Intraoperative fluoroscopic images (A-C) and six week follow-up radiograph (D) of a patient showing a low energy lateral tibial plateau fracture. A, The articular surface has been reduced and provisionally stabilized; the partial articular fracture apex is clearly visible. B, The partial articular fracture is reduced under direct visualization and stabilized with a second wire. A relatively flexible plate is positioned to buttress the fracture apex and is left undercontoured. C, A nonlocking screw is placed into the intact segment, autocontouring the implant, stabilizing the fracture, and generating compression. D, The final construct six weeks postoperatively. A second distal nonlocking screw was used for rotational stability. The articular surface was rafted using a second implant and nonlocking screws.

Figure 4.

Intraoperative fluoroscopic images demonstrating how an excessively undercontoured plate applied in buttress mode can lead to an articular malreduction. A, A stout precontoured plate was chosen to buttress this partial articular tibial plateau fracture. The initial plate and fracture fragment positions are shown on the left panel. On the right, a nonlocking screw was placed into the intact segment to create a buttress effect. However in this case, the plate was excessively undercontoured and lacked the flexibility to autocontour appropriately, resulting in shear forces across the fracture, proximal displacement of the articular fragment, and a malreduction (*). B, To address this, additional provisional fixation in the form of k-wires were placed proximally near the joint before placing the nonlocking screw at the fracture apex. This prevented proximal displacement of the articular fragment while compression was generated.

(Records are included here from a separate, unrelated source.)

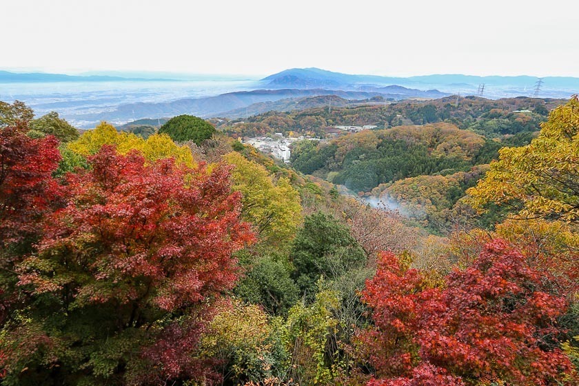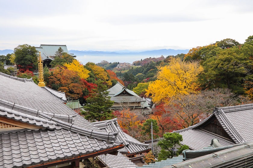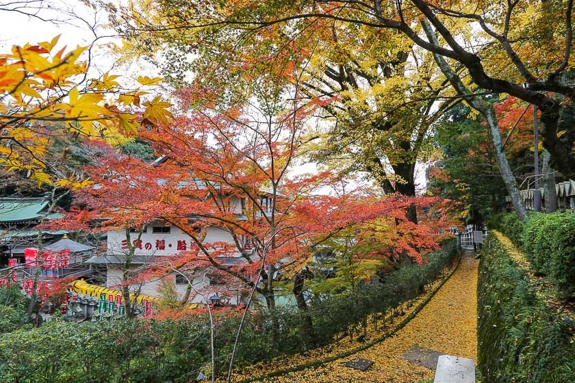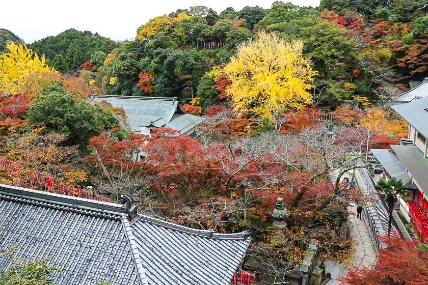 My first stop for today was Shigisan Chogosonshiji Temple in Nara Prefecture, not far from Horyuji Temple. The temple is located on Mount Shigi and was founded by Prince Shotoku about 1400 years ago. The temple grounds are quite spacious and the main hall looks down to the city below. Maple and ginkgo trees can be found on the grounds and they were showing off their best colors when I was there today. I expect the best viewing period to continue to through this weekend and possibly into early next week.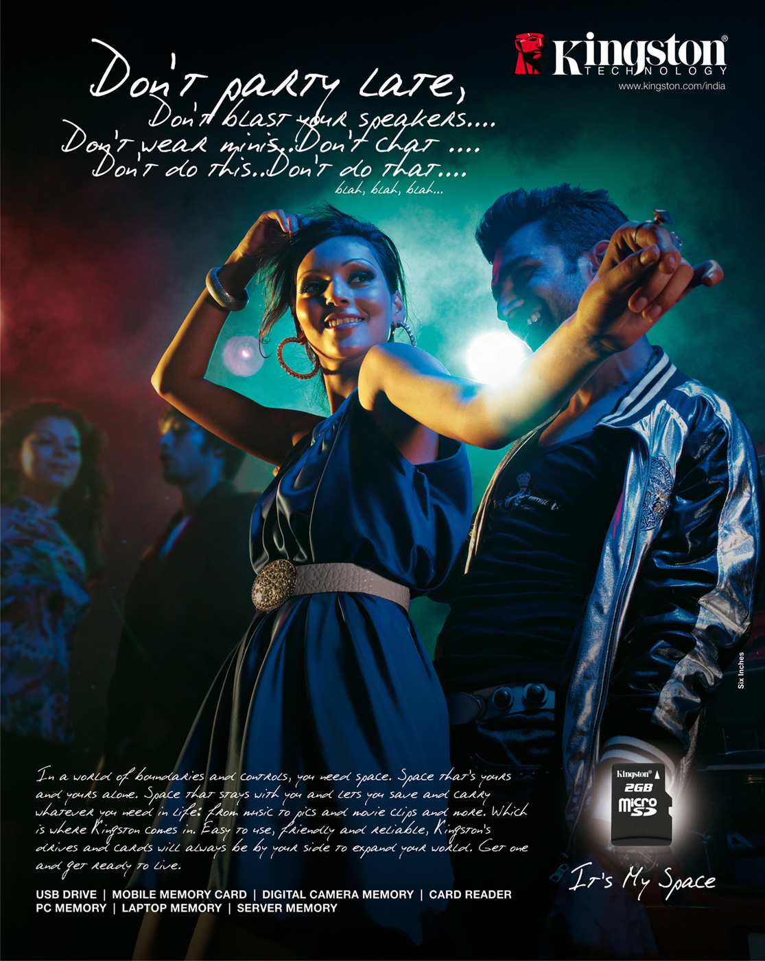 Kingston освобождает от запретов"В мире, наполненном запретами и контролем, вам нужно место, которое ваше и только ваше, в котором вы сможете хранить все, что необходимо в жизни. Музыка, клипы, фотографии и т.д. Именно в тот момент, когда вы столкнулись с подобной проблемой, на помощь приходит компания Kingston, кардридеры и карточки памяти от Kingston всегда будут на вашей стороне и дадут вам удивительную возможность расширить свой мир", - считают РА Six Inches и Kingston.Рекламная кампания Kingston в качестве ЦА рассматривает людей в возрасте до 25 лет и позиционирует продукцию Kingston как средство, с помощью которого возможно сбросить оковы социума и почувствовать себя действительно свободным. Агентство: Six Inches, Mumbai, India Креативные директора: Pravin Shah, Sanjay S Арт директора: Pravin Shah, Rutul Mistry Копирайтеры: Sanjay S, Umesh Mishra Фотограф: Abitabh Kame |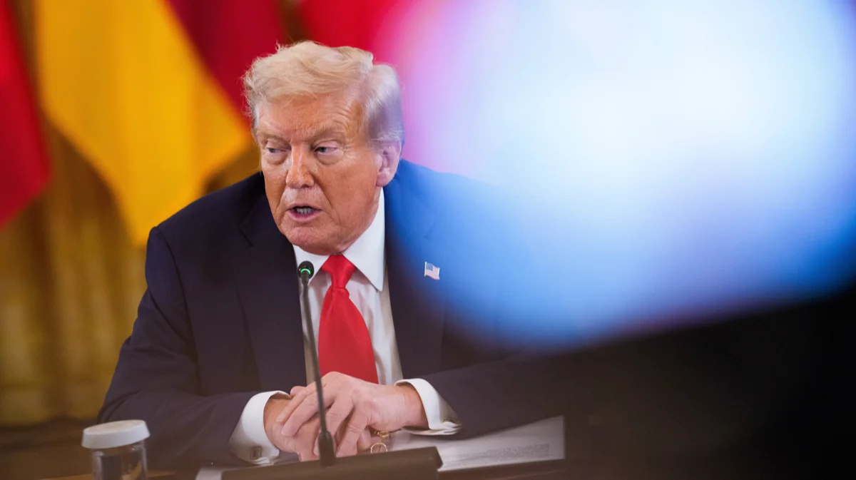 Дональд Трамп выступает с заявлением во время встречи с европейскими лидерами, Вашингтон, округ Колумбия, США, 18 августа 2025 года. Фото: Aaron Schwartz / EPA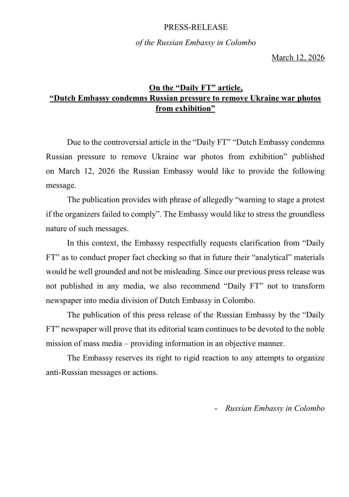 2026 මාර්තු 12 වන දින ප්රකාශයට පත් කරන ලද Daily FT පුවත්පතේ “යුක්රේන යුද ඡායාරූප ප්රදර්ශනයෙන් ඉවත් කිරීම සම්බන්ධයෙන් ලන්දේසි තානාපති කාර්යාලය රුසියානු පීඩනය හෙළා දකී” යන මතභේදාත්මක ලිපිය හේතුවෙන් රුසියානු තානාපති කාර්යාලය පහත පණිවිඩය ලබා දීමට කැමැත්තෙමු.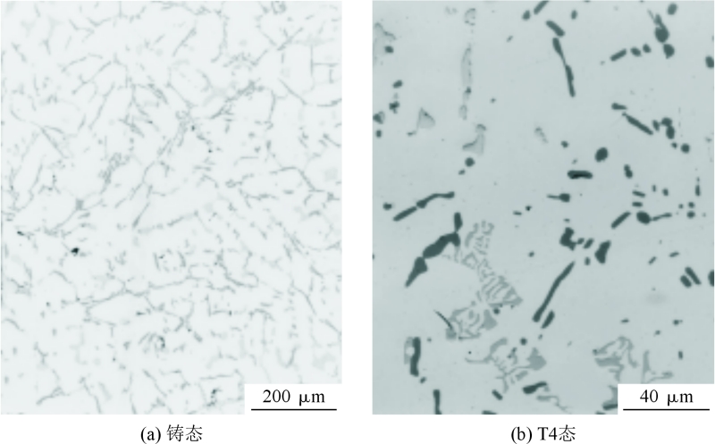 图1 铸态和T4态Al-6.23Si-3.77Cu-0.06Mg合金中共晶Si相形貌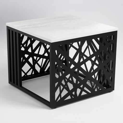 • СтЖ104 Стол журнальный, 51х51х42 см, ЛДСП белый пайн бетон, металл чёрный (цвет 06)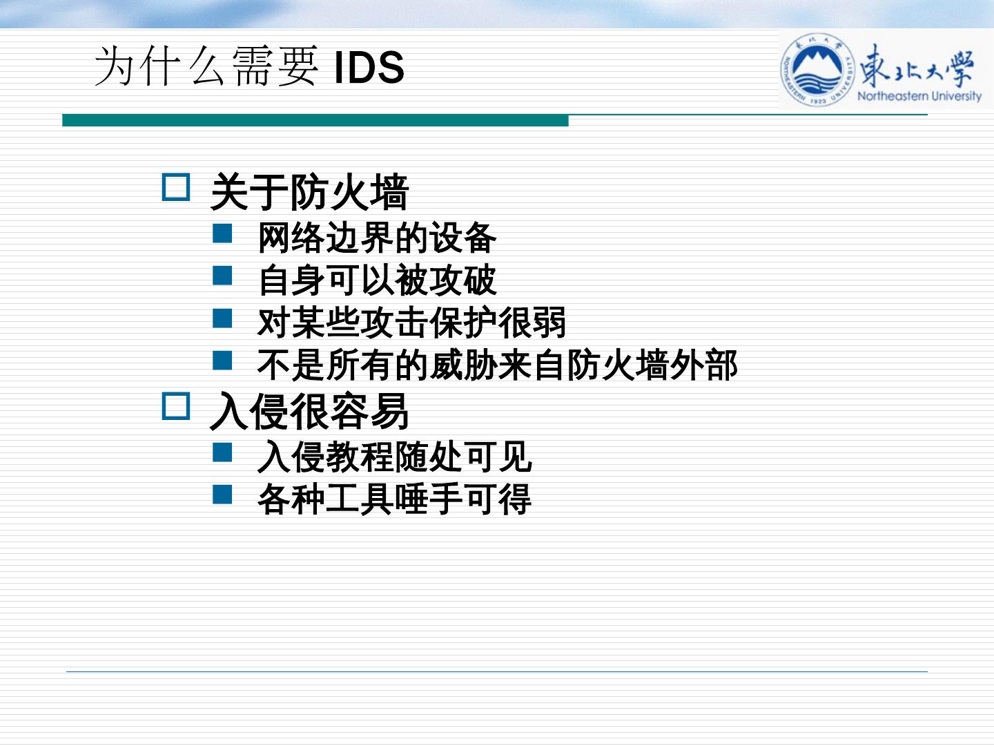 25 .为什么需要 IDS 关于防火墙 网络边界的设备 自身可以被攻破 对某些攻击保护很弱 不是所有的威胁来自防火墙外部 入侵很容易 入侵教程随处可见 各种工具唾手可得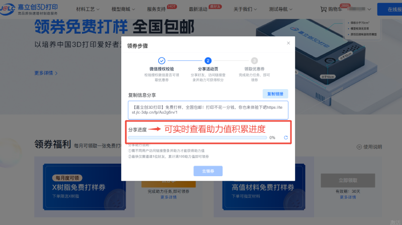 4、采用自助领券模式,登录免费打样活动页面并分享活动链接,完成助力任务后即可领取至账户;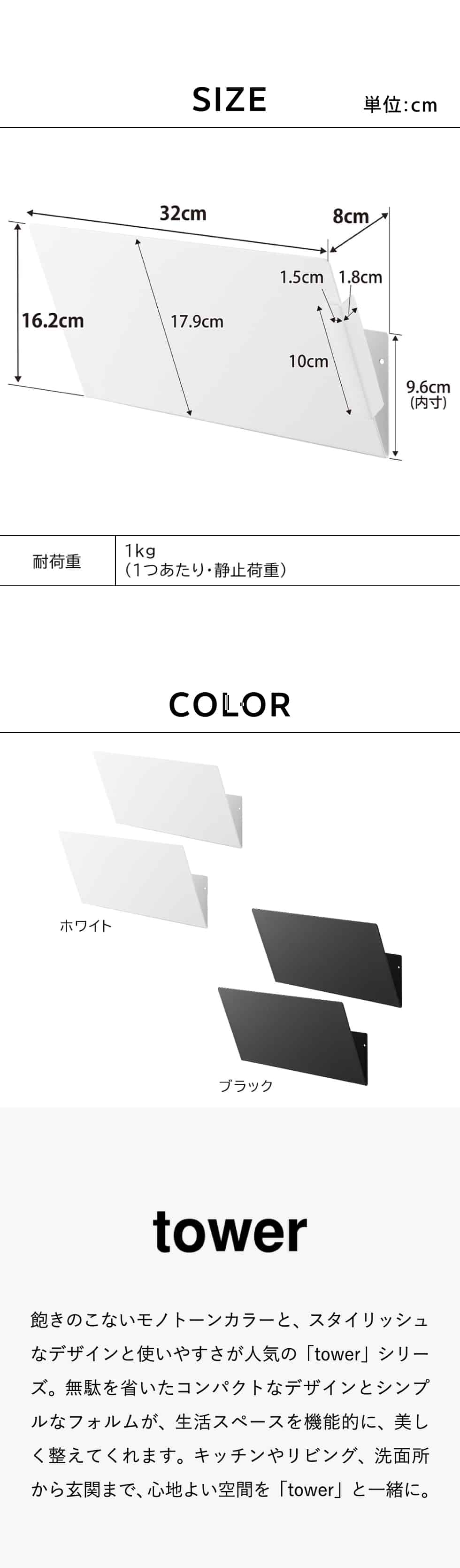 商品サイズ 本体:W32×D8×H16.2cm(1つあたり) 本体背面(設置面サイズ):W32×H9.6cm |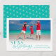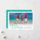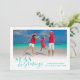 Do Natal na praia para o seu feriado favorito na costa, este cartão “Mares & Saudações” é uma maneira legal de desejar aos amigos e familiares um Feliz Natal tropical! Apresenta sua foto favorita da praia, saudação personalizada e nome. O verso do cartão tem um divertido padrão de estrelas-do-mar.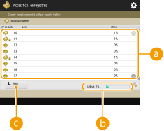 , <Tout sélectionner (100 fich. max.)> s'affiche. Si un ou plusieurs fichiers sont sélectionnés, <Effacer sélection> s'affiche. Appuyez sur <Tout sélectionner (100 fich. max.)> pour sélectionner jusqu'à 100 fichiers dans la boîte simultanément ou <Effacer sélection> pour les désélectionner.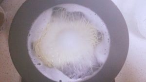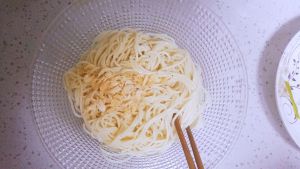 将面条放入沸水中煮熟,浸入凉水中,可使面条更加劲道。随后沥水备用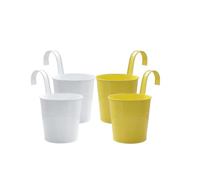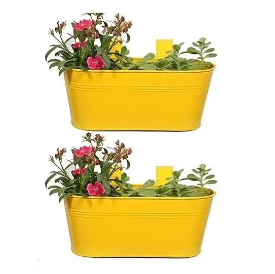 Jaune Enduit Balcon Décor Suspendu Fleur Planteur Garde-Corps Planteur Stand Seau Métal Fer Tenture Jardinière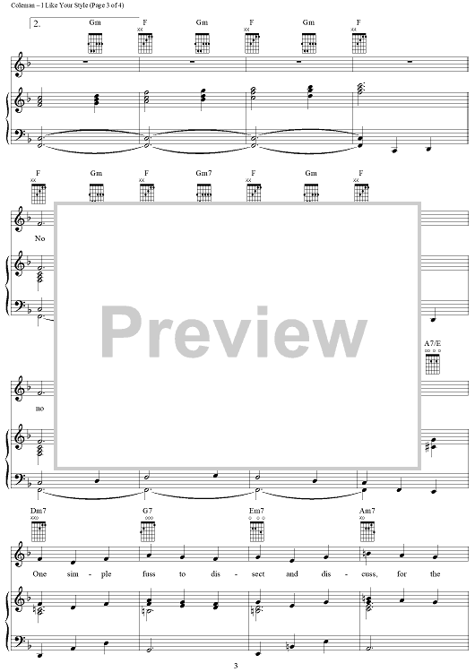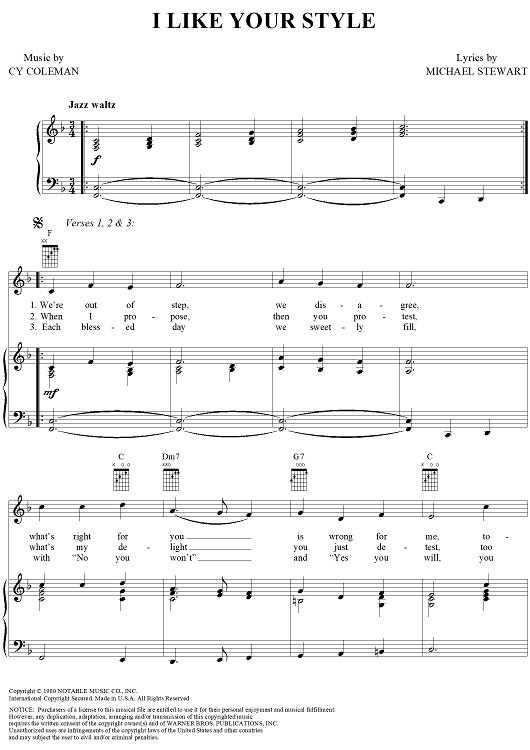 Digital Sheet Music for I Like Your Style by Cy Coleman, Michael Stewart scored for Piano/Vocal/Chords; id:314554

In neutralization or bridge plating, it is advantageous if the plate is contoured perfectly to the bone. This is important for several reasons. Stability in nonlocked plating requires adequate plate-bone friction which is facilitated by a good fit. Poor plate contour can also result in loss of reduction if the nonlocking screws pull the fracture fragments to a relatively rigid and nonanatomically contoured plate.[5,6,24] Poorly contoured implants can also be prominent and symptomatic. This is particularly relevant in subcutaneous locations, such as the clavicle, proximal ulna, distal fibula, and in locations where the implant will be adjacent to sensitive soft-tissue structures as in the volar or dorsal distal radius.[25–29] Finally, a poorly contoured neutralization plate can "overpower" the lag screw(s), resulting in the loss of reduction because the bone is pulled to the plate.